To get probabilities distribution, there is a method `proba` which returns a `Vec<f32>` of length
`num_samples * num_classes` where each chunk of `num_classes` elements contains the probabilities
of classes for a sample. Internally the `i64` class labels are mapped into numbers `0, 1, ...` of
type `u32`. To decode classes, `Classifier` provides method `get_decode_table`, which returns
`&[i64]` - a map where index is an internal representation, and a value - `i64` class. Also there
is `decode` method which receives `u32` internal label and returns `i64` value.
```Rust
use num_cpus; // Requires num_cpus dependency in Cargo.toml
use rafor::prelude::*; // Required for .with_option builders and .num_classes().
use rafor::rf::Classifier; // Requires num_cpus dependency in Cargo.toml
fn main() {
// We have 5 samples with 3 classes.
let dataset = [
0.7, 0.0,
0.8, 1.0,
0.3, 0.0,
1.0, 1.3,
0.4, 2.1
];
let targets = [1, 5, 1, -15, 5];
let options = Classifier::default_config()
.with_max_depth(15)
.with_trees(40)
.with_threads(num_cpus::get())
.with_seed(42)
.clone();
let predictor = Classifier::fit(&dataset, &targets, &options);
// Get predictions for same dataset.
let predictions = predictor.predict(&dataset, num_cpus::get());
println!("Predictions: {:?}", predictions);
let proba = predictor.proba(&dataset, num_cpus::get());
println!("Probability distributions:");
for p in proba.chunks(predictor.num_classes()) {
println!("{:?}", p);
}
}
```
# Regression
Decision tree regressor (`rafor::dt::Regressor`) and random forest regressor (`rafor::rf::Regressor`)

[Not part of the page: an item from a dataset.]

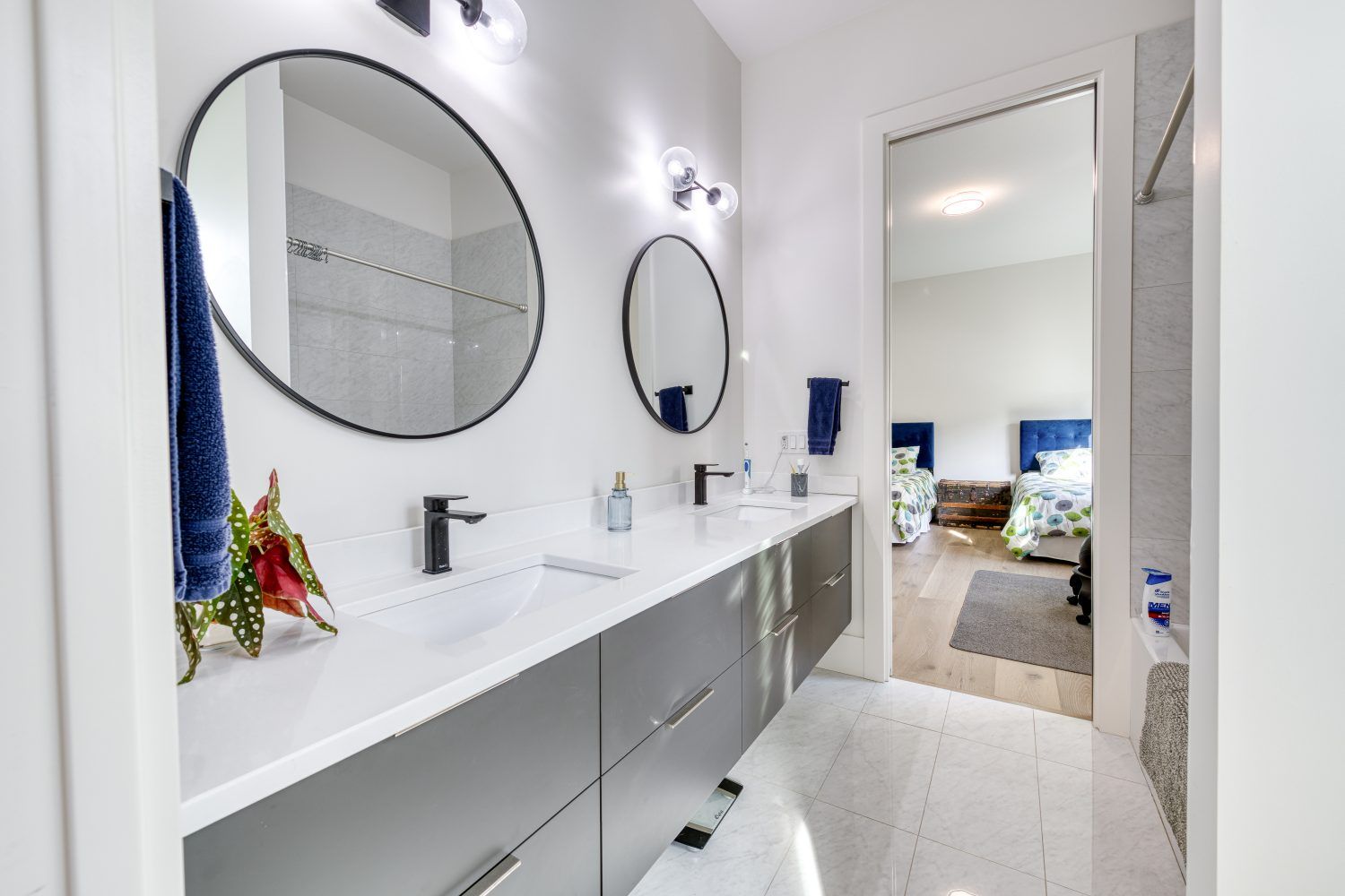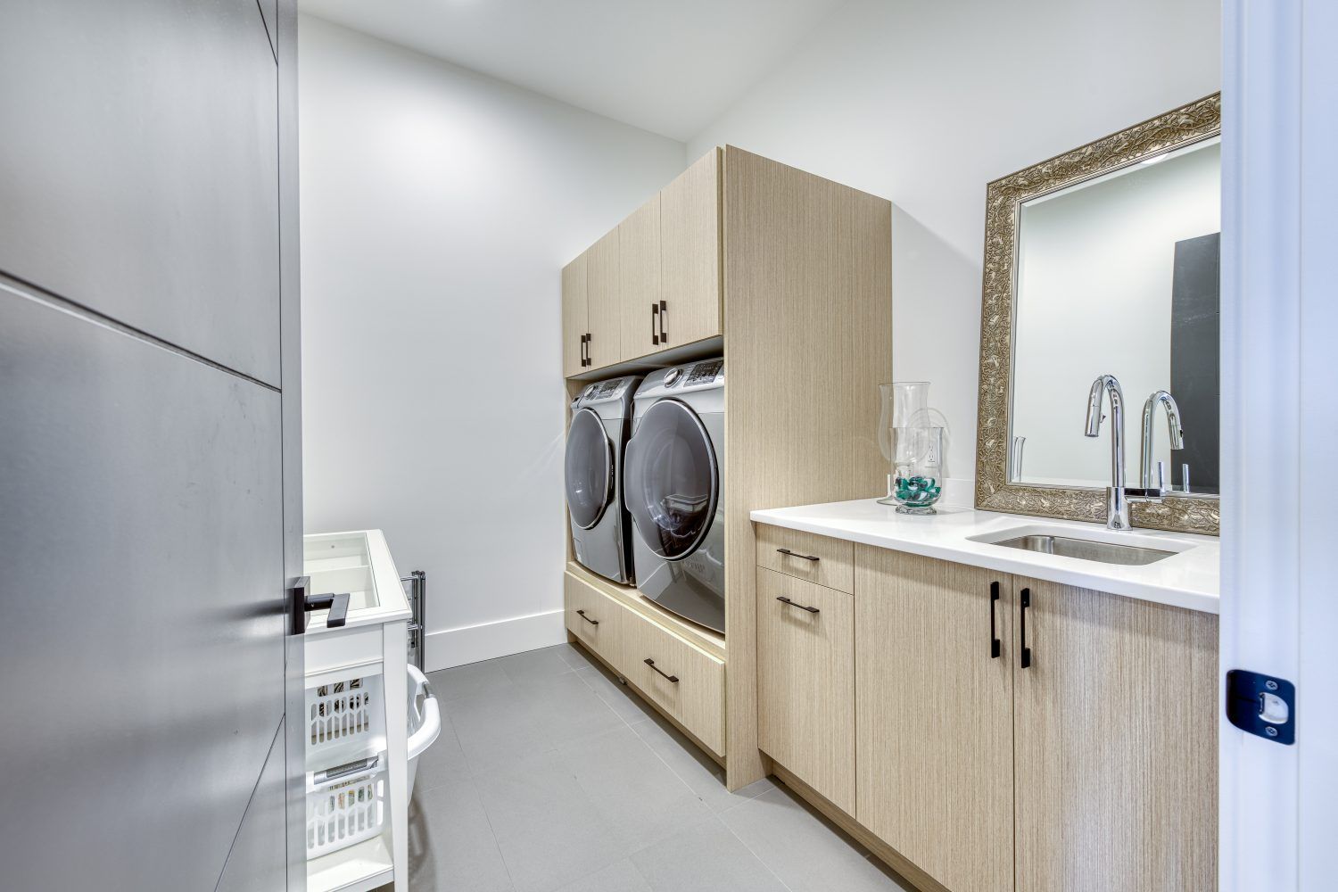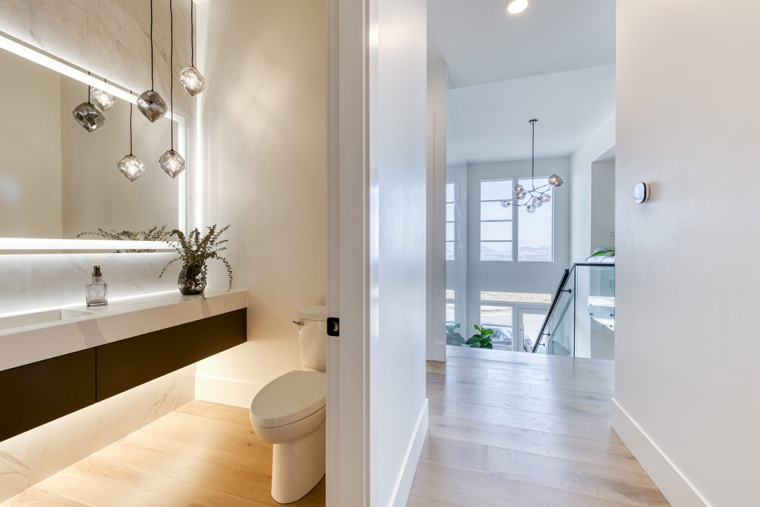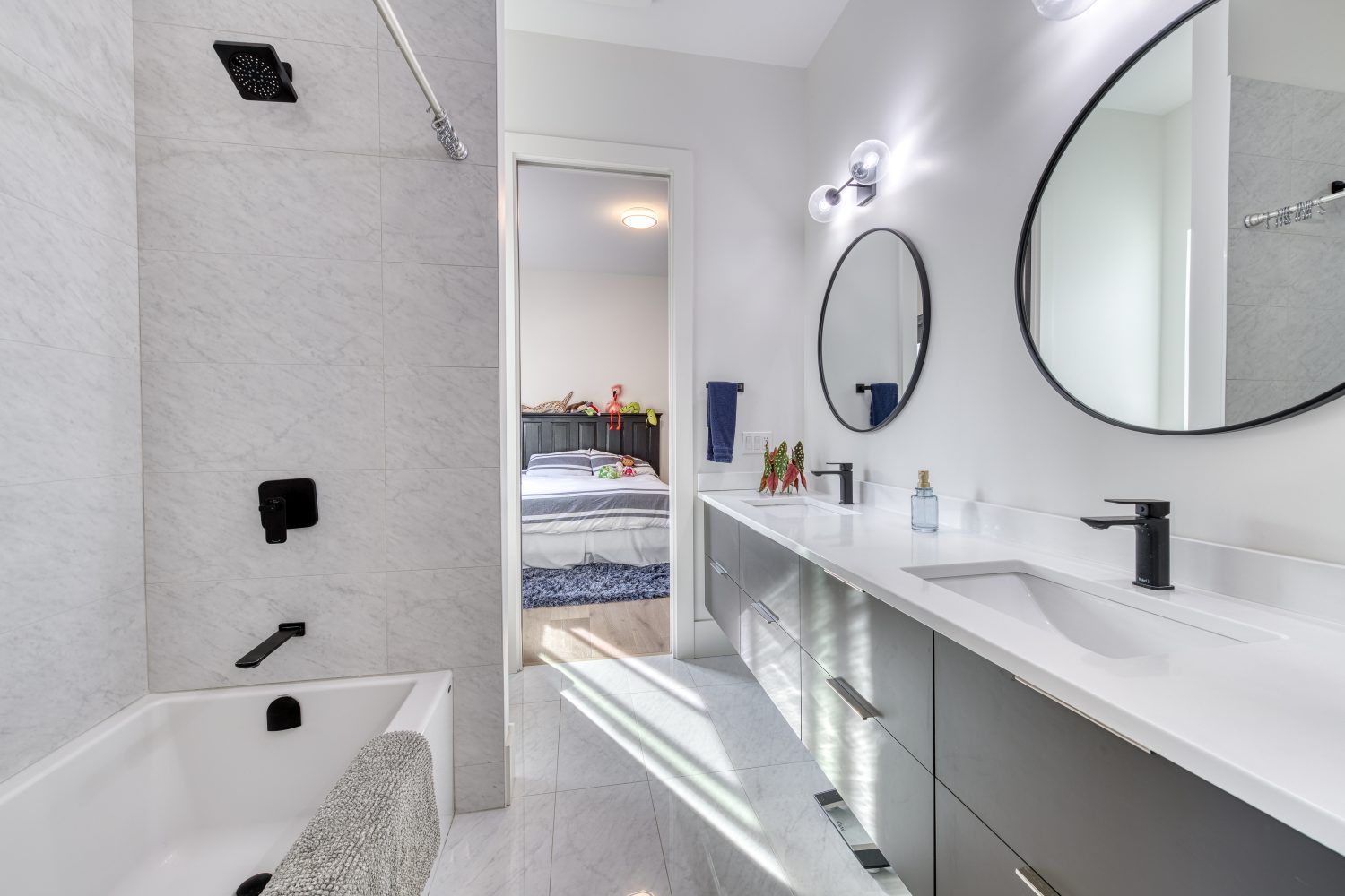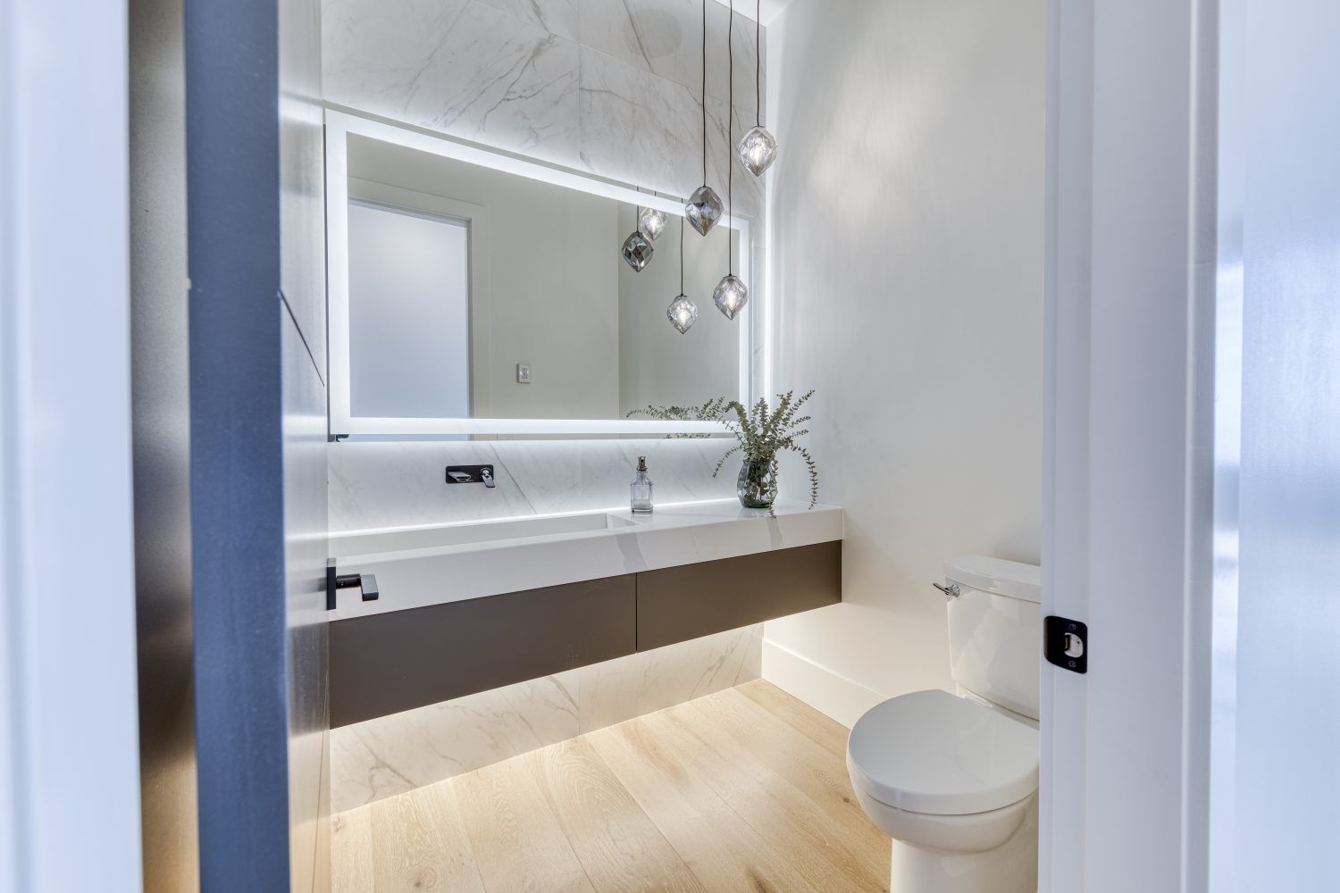 The upper floor offers a large laundry room, a 2-piece luxurious powder room with linear sink and suspended vanity, and two additional bedrooms which both have access to a full 5-piece shared ensuite bathroom.

expect the targets to be `f32`. By default regressors use MSE score for evaluating the split
impurity.
Regressor interface is mostly similar to `Classifier`, please see examples folder.
# Dataset
The dataset is a single `f32` slice which is processed in chunks of `num_features` elements,
each chunk is a single sample. During training, `num_features` is defined as
`dataset.len() / targets.len()`.
Train will panic if `dataset.len()` is not divisible by `targets.len()`.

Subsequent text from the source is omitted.